Supplied information START
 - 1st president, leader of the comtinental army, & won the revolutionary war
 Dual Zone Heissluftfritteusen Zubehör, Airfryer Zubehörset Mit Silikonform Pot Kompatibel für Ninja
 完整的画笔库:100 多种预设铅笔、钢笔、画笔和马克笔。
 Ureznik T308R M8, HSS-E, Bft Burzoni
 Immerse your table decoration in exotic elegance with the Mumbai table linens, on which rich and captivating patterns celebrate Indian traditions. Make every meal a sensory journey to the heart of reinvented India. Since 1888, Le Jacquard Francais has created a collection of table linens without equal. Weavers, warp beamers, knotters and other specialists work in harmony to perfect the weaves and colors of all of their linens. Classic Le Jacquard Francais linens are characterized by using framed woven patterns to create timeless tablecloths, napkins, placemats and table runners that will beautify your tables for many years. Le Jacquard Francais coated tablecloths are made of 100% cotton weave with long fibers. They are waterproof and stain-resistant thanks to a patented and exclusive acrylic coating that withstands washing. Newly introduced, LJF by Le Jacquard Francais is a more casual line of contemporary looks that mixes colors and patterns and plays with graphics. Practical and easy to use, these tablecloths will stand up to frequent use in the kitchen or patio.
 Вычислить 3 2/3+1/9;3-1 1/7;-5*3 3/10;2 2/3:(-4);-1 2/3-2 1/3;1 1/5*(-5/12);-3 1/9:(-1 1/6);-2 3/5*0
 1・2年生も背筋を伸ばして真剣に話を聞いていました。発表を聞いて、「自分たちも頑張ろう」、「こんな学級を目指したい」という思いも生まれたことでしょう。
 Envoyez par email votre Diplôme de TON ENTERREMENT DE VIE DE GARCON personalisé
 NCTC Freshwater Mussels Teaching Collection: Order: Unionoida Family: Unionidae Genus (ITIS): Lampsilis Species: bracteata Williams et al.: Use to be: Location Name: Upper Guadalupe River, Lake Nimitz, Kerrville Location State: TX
Supplied information END
Supplied information START
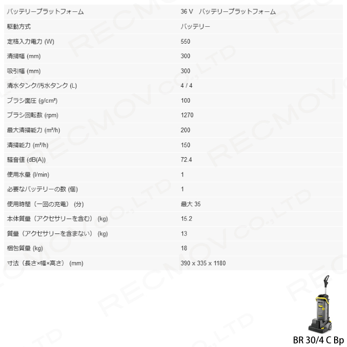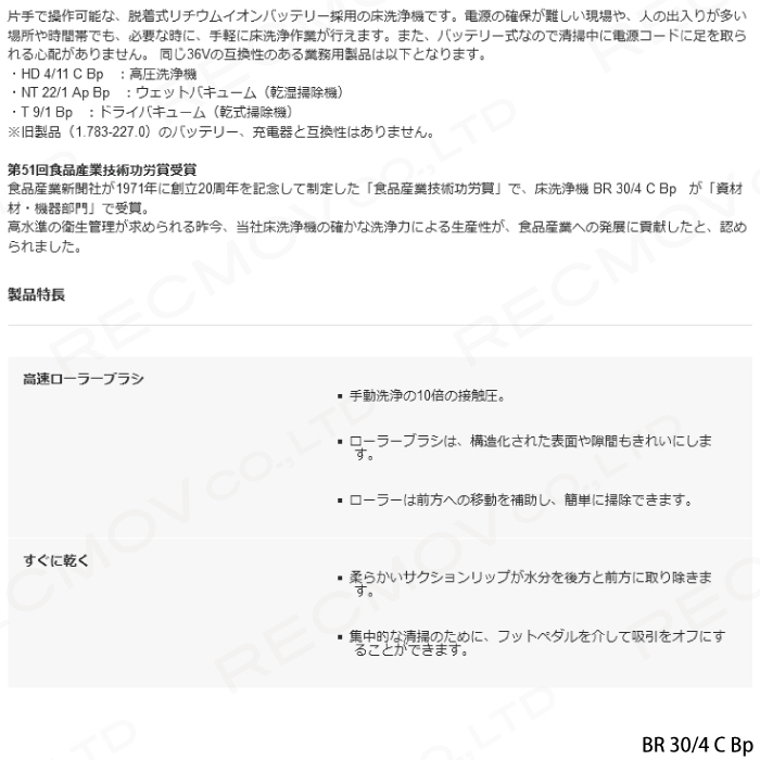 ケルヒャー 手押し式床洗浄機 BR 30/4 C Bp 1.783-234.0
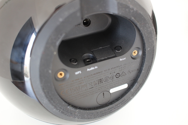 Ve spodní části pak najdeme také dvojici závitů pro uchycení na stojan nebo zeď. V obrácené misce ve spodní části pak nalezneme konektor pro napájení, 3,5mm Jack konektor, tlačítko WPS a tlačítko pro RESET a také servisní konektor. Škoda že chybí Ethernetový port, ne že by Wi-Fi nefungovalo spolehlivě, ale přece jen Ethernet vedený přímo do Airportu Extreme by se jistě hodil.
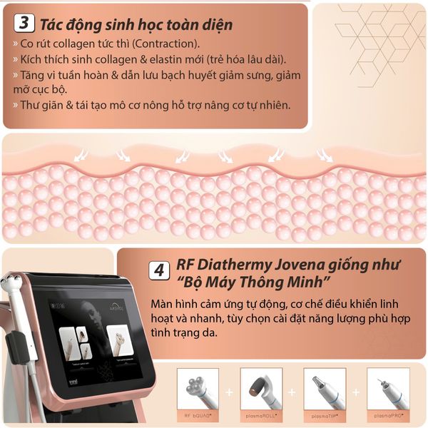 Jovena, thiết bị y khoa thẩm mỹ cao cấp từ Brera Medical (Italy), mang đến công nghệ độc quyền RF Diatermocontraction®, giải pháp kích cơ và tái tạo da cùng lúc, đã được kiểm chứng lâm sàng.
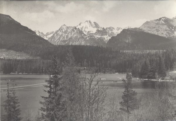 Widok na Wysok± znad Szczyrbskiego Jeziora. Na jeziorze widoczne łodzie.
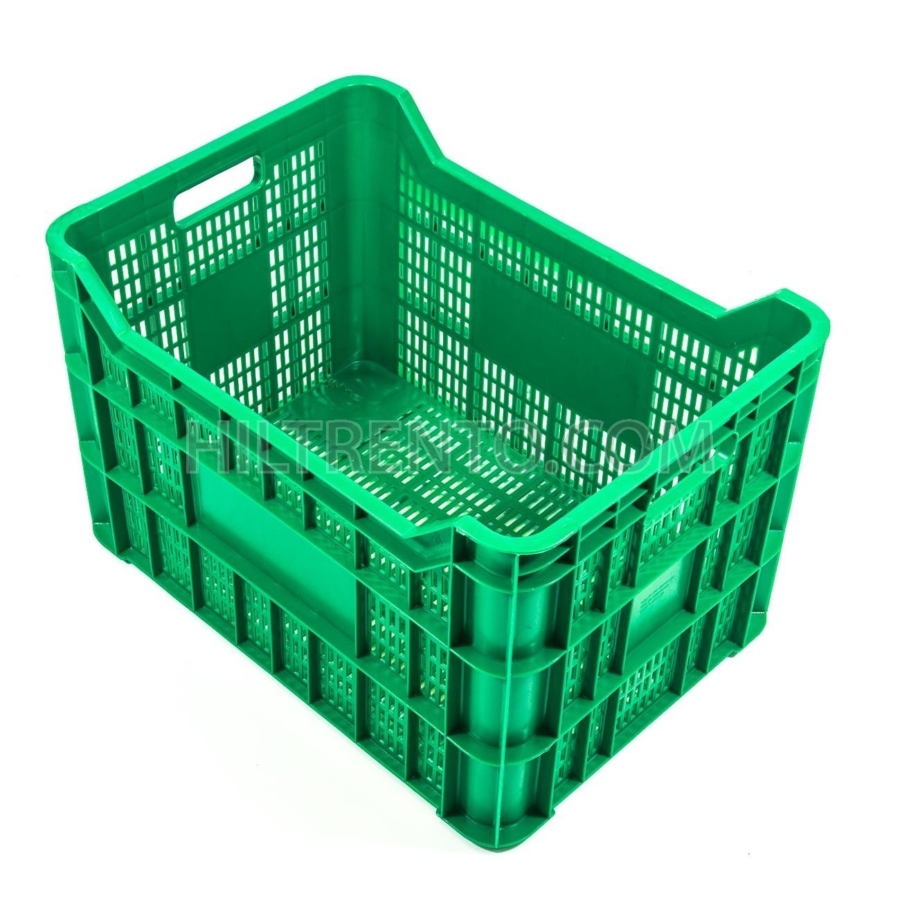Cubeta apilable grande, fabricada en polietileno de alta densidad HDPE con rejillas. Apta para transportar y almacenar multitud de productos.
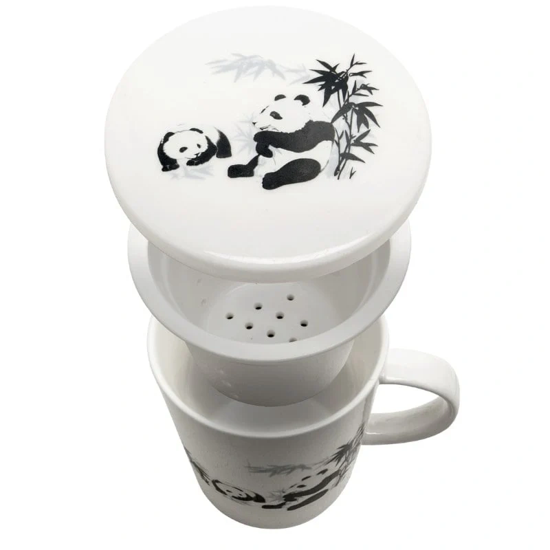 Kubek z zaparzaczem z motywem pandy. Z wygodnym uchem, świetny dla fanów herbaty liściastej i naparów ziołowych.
Supplied information END
Required work >> Output exactly the lines of the listing above that start with the one holding "Cubeta apilable grande, fabricada" and go on through the one holding "Kubek z zaparzaczem"; leave the pictures out.

Solution below >>
Cubeta apilable grande, fabricada en polietileno de alta densidad HDPE con rejillas. Apta para transportar y almacenar multitud de productos.
 Kubek z zaparzaczem z motywem pandy. Z wygodnym uchem, świetny dla fanów herbaty liściastej i naparów ziołowych.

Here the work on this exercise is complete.